Looking at the Veeam offload job logs (located in the main folder of the Veeam server logs, path ‘C:\ProgramData\Veeam\Backup\SOBR Offload’) we could see the following,
[18.08.2019 11:21:23] <176> Info – – – – Response: Archive Backup Chain: b14e8dd9-2351-4236-bd54-a08339859d49_40f33f92-ca5a-45ac-a2ec-d674efd0383d
[18.08.2019 12:57:26] <844> Error AP error: WinHttpWriteData: 12002: The operation timed out
[18.08.2019 12:57:26] <844> Error –tr:Write task completion error
[18.08.2019 12:57:26] <844> Error Shared memory connection was closed
At the time of troubleshooting, Veeam was allocated less than 50Mbps for offloading backups to BLOB. A correlation between internet bandwidth and the number of parallel offloading backup files was found, increasing the bandwidth via QoS resulted in more successful backups being offloaded simultaneously.

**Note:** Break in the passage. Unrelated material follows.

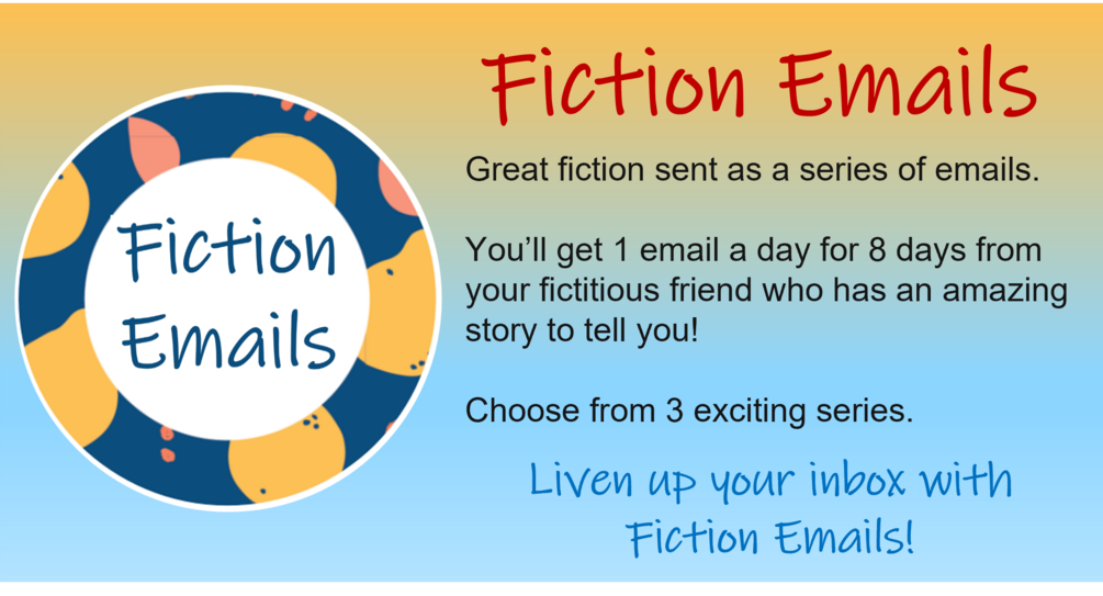 Each Fiction Emails series contains 8 daily emails from a fictitious friend that tell an action-packed, fun and exciting story filled with interesting characters. You'll get one email per day for 8 days that will make you excited to check your inbox!

Veeam was offloading 40 backups in parallel during SOBR offload jobs, this 40 number comes from the ‘Limit maximum concurrent tasks to <N>‘ setting on the performance tier extent configured in the SOBR. Given this extent was the target for a substantial backup copy job, the concurrent task limit was set to 40 (appropriate for the core count on the repo). Reducing the maximum concurrent tasks to 6 or less would stop the offload timeout error but backup copy performance suffered which meant the Veeam was no longer meeting the required RPOs.

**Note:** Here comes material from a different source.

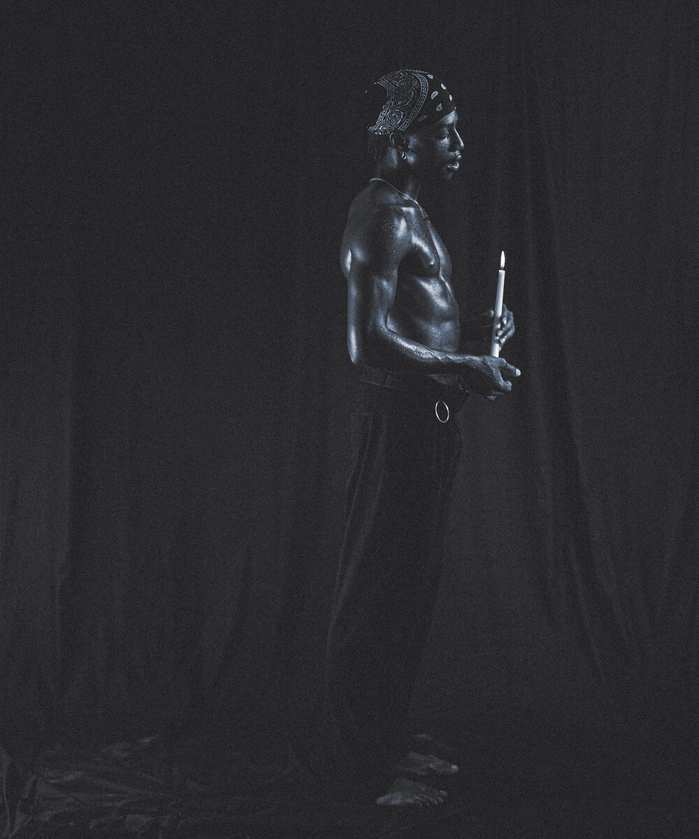 “My photograph Oche (With Candle) delves into the spiritual and emotional interiority of Black men, examining how the body holds memory, grief, and the possibility of spiritual elevation, all rendered through a deliberate blue tonality. As part of my series Notes Towards Becoming a Spill, this work reflects on the fluidity of identity, where Blackness, masculinity, and yearning are not fixed states but porous, ever-shifting forms. The candle functions both as a vessel and an emblem, conjuring ritual, remembrance, and illumination, while also embodying the delicate interplay between vulnerability and strength. By placing Oche in a soft, dimly lit, almost uterine environment, I aim to craft a sanctuary in which Black men are not confined to rigid definitions but allowed to remain malleable, free to soften, to feel, to yield. This image, like the series it belongs to, gestures toward the shedding of armor and an embrace of the sacred emotional fullness of becoming.”

To ensure Veeam was indeed the problem, Veeam was removed out of the picture. Leveraging Azure Storage Explorer to upload multiple backup files demonstrated no errors would occur.
Veeam support suggested trying to reducing the number of Azure concurrent tasks, made possible via a registry tweak configured directly on the Veeam Backup Server. The registry path is as follows “HKEY_LOCAL_MACHINE\SOFTWARE\Veeam\Veeam Backup and Replication\”

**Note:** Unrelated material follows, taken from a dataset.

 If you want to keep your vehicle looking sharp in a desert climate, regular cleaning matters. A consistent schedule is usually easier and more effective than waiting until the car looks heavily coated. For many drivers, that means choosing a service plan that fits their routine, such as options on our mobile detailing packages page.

- Description: Amount of parallel HTTP requests for data upload (tasks) to Azure archive tier. Applied either on VBR server and applied automatically to all extents/gates, or can be set specifically on the extent/gate. Key on VBR server has higher priority.
- Default Value: 64
Initially, a value of 10 was set for ‘AzureConcurrentTaskLimit’, however, offloading backups were still failing with timeout errors. Only after dropping the value to 1 did the timeout issue stops occurring.
Once internet bandwidth was increased to 800Mbps for Veeam, the registry key value was changed back to 64. Testing showed the stability of SOBR offload job with faster links was substantially better than SOBR offload jobs with slower links pre-registry change but it would still experience a timeout once or twice a month with the new faster link. Roughly speaking it worked out to be less than 0.1% of all SOBR offloads per month experiencing a timeout on the faster link. The failure of a couple of offloads per month wasn’t a huge concern because the retry would always be successful but to ensure the best experience possible the ‘AzureConcurrentTaskLimit’ registry key was changed to 8 with the plan of increasing it slightly until a limit is found.
It’s worth mentioning that lowering the Azure concurrent task limit may reduce throughput but it’s more likely to saturate the network if the data being offloaded is not too small (small and numerous files will likely wait a little longer in processing stages than offloading stages).